Google Faces EU Demand for Better Antitrust Settlement Offer
By Stephanie Bodoni - May 28, 2013 7:58 AM ET
Google Inc. (GOOG) faces a demand for improved proposals to settle an EU antitrust probe into the way the company operates its search engine, the EU’s competition chief said today.
EU Competition Commissioner Joaquin Almunia told lawmakers in Brussels today that rivals, users and companies in the same market were given an extra month beyond the May 27 deadline to submit feedback on Google’s planned changes.
Regulators will analyze the responses and is then “almost 100 percent” certain to tell Google “you should improve your proposals,” Almunia said at the European Parliament in Brussels. He didn’t specify the areas where Google would need to make improvements.
The European Commission, the EU’s antitrust regulator, has said Google is dominant in Web search and search advertising in Europe and that the Mountain View, California-based company may harm competition.

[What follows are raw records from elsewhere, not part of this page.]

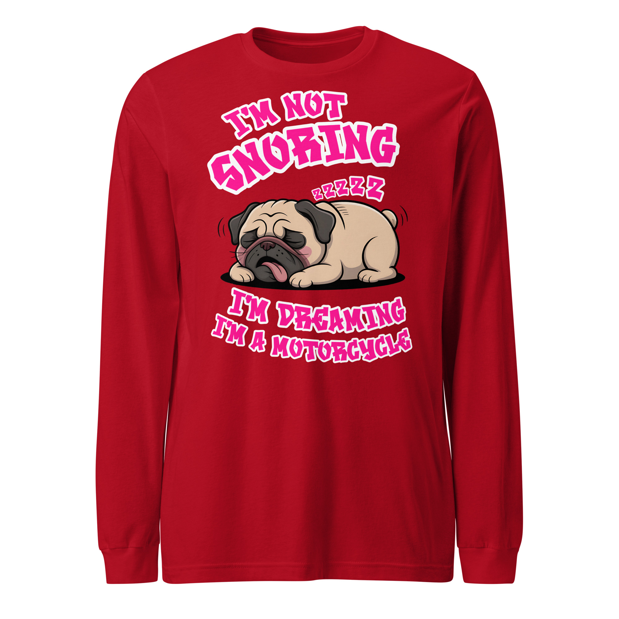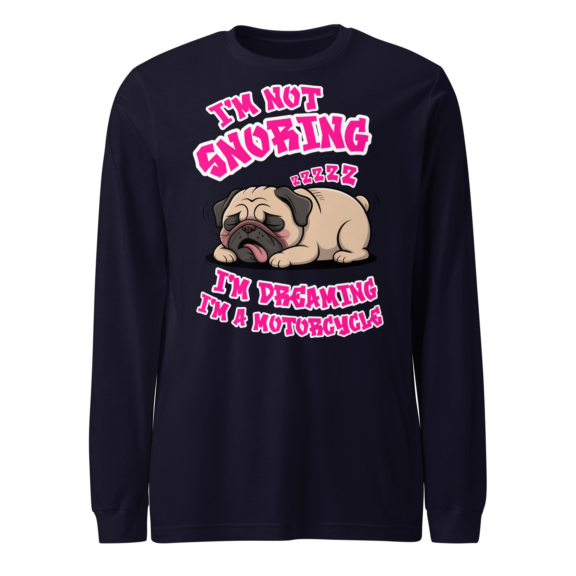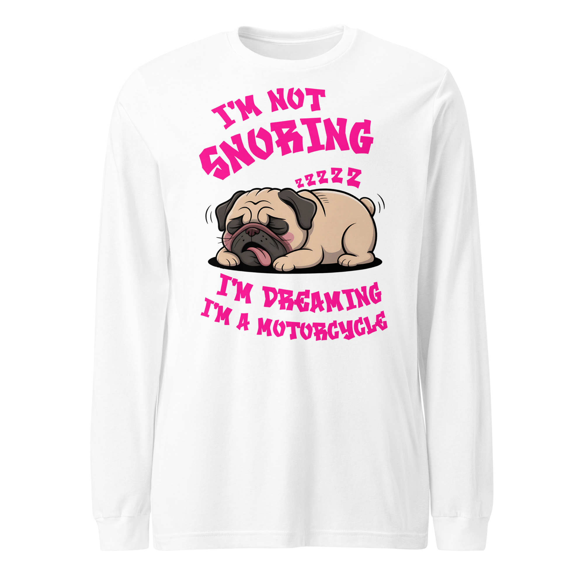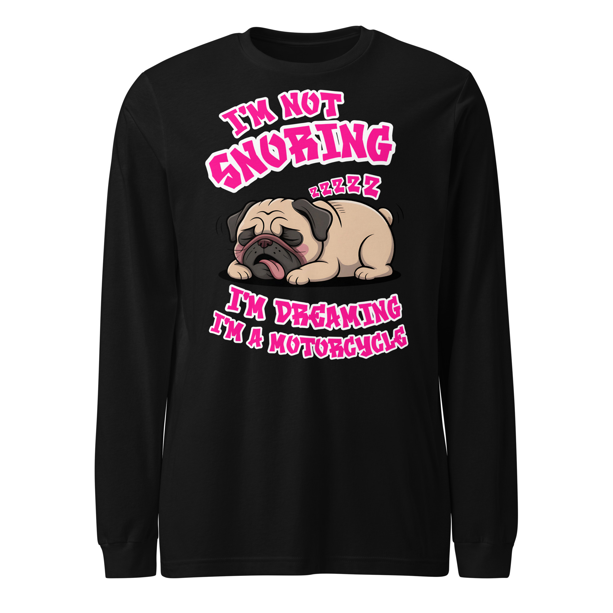 “I’m Not Snoring” Funny Pug Motorcycle Dream – Unisex Long Sleeve Tee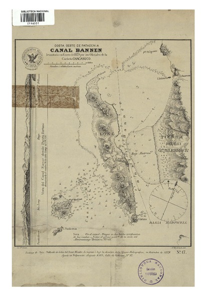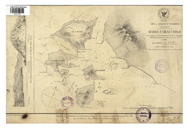 Bahía Caracciolo canales de Patagonia : Canal Oeste [material cartográfico] : levantado por el Comandante D. Carlo de Amezaga i Oficiales de la Corbeta italiana "Caracciolo" en 1882.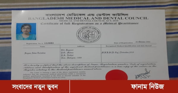 আমার সনদপত্রের রোল নং-৪৪৮ ও বিশ্ববিদ্যালয়ের রেজিঃ নং-৯৯৭ এবং বিএমডিসি এর রেজিস্ট্রেশন সনদপত্র নং-১১২০৮৩, তারিখ ০৩-১০-২০২১ খ্রি হওয়ার বিষয় সংশ্লিষ্ট সকলের জ্ঞাতার্থে উল্লেখ্য করা হলো। আমার স্বামী সিলেট সরকারি পুলিশ হাসপাতালের একজন নিয়োগপ্রাপ্ত এমবিবিএস ডাক্তার। তার গ্রামের বাড়ি আজমিরীগঞ্জ উপজেলা সদরে। আমরা উভয়ে সপ্তাহে একদিন শুক্রবার আজমিরীগঞ্জ উপজেলা সদরে গরীব ও দুঃস্থ রোগীদের ফ্রি/স্বল্প ফি তে চিকিৎসা দিয়ে আসছি। এছাড়া "আমার হবিগঞ্জ" পত্রিকার সংবাদে উল্লেখ করা হয়েছে আমার কোন গ্রহণযোগ্য সনদপত্র নেই এবং সনদে একাধিক বানান ভুল রয়েছে। আমার সনদপত্র বৈধ, সঠিক ও শুদ্ধ। উক্ত পত্রিকায় আমার সম্পর্কে প্রকাশিত সংবাদ সম্পূর্ণ মিথ্যা, বানোয়াট ও উদ্দেশ্য প্রণোদিত। আমাকে সমাজে হেয় প্রতিপন্ন করার উদ্দেশ্যেই এ ধরণের সংবাদ প্রকাশ করা হয়েছে। যাহা আইনি বিচারের দাবি রাখে। আমি উক্ত মিথ্যা ও ভিত্তিহীন সংবাদের তীব্র নিন্দা ও প্রতিবাদ জানাচ্ছি।’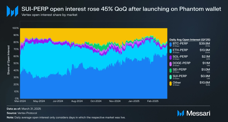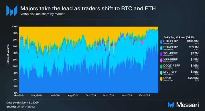 BTC-PERP remained the clear anchor of trading activity on Vertex in Q1. Its daily average volume rose 6.9% QoQ to $134.9 million, increasing its share of total protocol volume to 56%, up from 42% in Q4. This growth came despite a broader market cooldown, suggesting traders leaned more heavily into BTC markets as a relatively stable venue.

Almunia has sought a deal with Google to end the antitrust case, while competitors have urged regulators to force Google to change its practices.
The owner of the world’s largest search engine last month offered to label Google-branded search services and show links “to three rival specialized search services close to its own” as part of a series of commitments to end the almost three-year-old probe, according to the EU’s antitrust authority.
“We believe our proposal to the European Commission addresses the four concerns that were raised. We continue to work with the commission to settle this case,” Al Verney, a Brussels-based spokesman for the company, said by e-mail.
The initial remedies seek to address allegations that the company promotes its own specialist search services, such as Google News and Google Finance, copies rivals’ travel and restaurant reviews, and has agreements with websites and software developers that stifle competition in the advertising industry. The EU probe also includes any search services Google may develop in the future.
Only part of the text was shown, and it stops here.